--- INSTRUCTIONS TO FOLLOW ---
Once you find the line with "KQXSDN ngày 04/02/2026" in the entries below, print it and each line after it up to and including the line with "Elevate your style", exactly, without pictures.

--- EXTRACTED ENTRIES ---
##############################
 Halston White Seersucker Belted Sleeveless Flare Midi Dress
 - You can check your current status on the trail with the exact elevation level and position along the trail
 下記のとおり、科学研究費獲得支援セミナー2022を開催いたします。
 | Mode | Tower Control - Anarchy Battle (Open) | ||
##############################
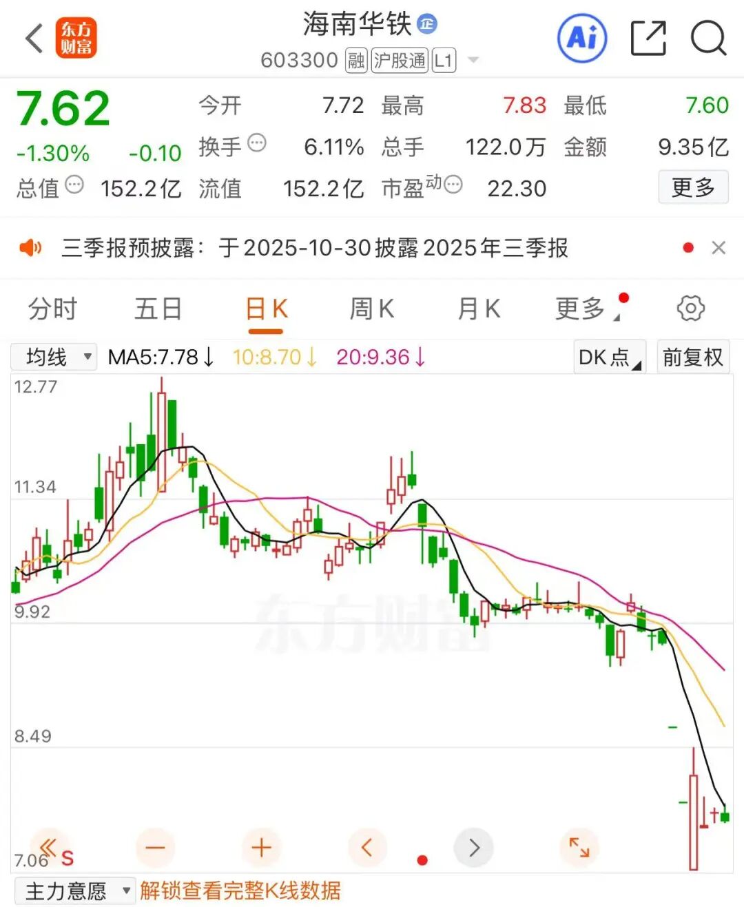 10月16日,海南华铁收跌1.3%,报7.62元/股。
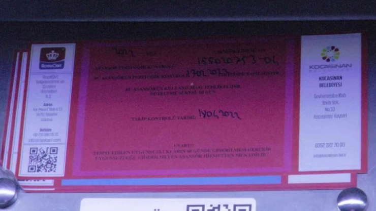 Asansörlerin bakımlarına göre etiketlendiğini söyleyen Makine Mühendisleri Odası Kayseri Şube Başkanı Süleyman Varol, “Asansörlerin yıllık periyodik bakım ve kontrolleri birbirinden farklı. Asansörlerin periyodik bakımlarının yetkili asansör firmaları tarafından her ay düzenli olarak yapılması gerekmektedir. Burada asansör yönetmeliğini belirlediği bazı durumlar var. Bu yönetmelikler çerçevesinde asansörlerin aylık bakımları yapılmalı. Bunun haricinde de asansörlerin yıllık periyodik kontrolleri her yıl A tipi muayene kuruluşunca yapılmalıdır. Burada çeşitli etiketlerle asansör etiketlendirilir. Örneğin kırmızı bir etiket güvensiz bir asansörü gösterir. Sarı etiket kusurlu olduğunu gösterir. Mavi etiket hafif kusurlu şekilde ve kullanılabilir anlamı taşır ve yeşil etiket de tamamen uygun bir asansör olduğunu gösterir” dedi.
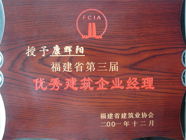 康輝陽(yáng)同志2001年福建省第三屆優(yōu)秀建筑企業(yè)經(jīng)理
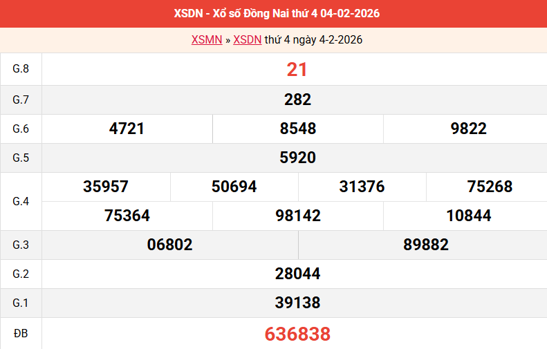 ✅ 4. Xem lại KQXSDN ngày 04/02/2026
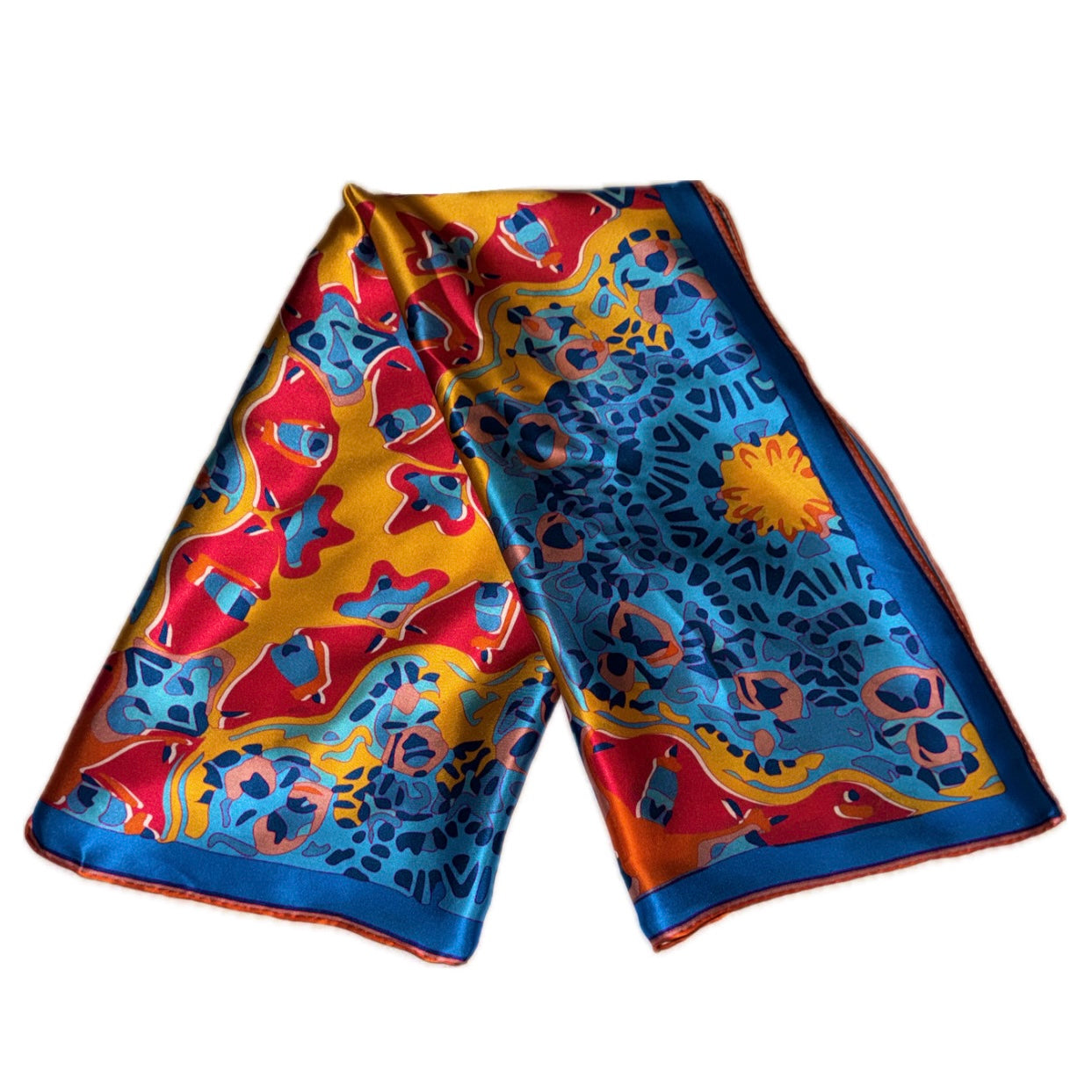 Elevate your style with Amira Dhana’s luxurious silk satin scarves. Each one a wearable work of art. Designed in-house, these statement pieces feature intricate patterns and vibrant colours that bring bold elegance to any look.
##############################
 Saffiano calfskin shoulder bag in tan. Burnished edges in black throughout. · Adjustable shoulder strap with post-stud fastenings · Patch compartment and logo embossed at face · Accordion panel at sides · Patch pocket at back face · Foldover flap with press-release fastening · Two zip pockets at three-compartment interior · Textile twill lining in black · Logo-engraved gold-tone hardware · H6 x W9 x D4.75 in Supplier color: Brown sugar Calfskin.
##############################
--- PROBLEM SOLUTION ---
 ✅ 4. Xem lại KQXSDN ngày 04/02/2026
 Elevate your style with Amira Dhana’s luxurious silk satin scarves. Each one a wearable work of art. Designed in-house, these statement pieces feature intricate patterns and vibrant colours that bring bold elegance to any look.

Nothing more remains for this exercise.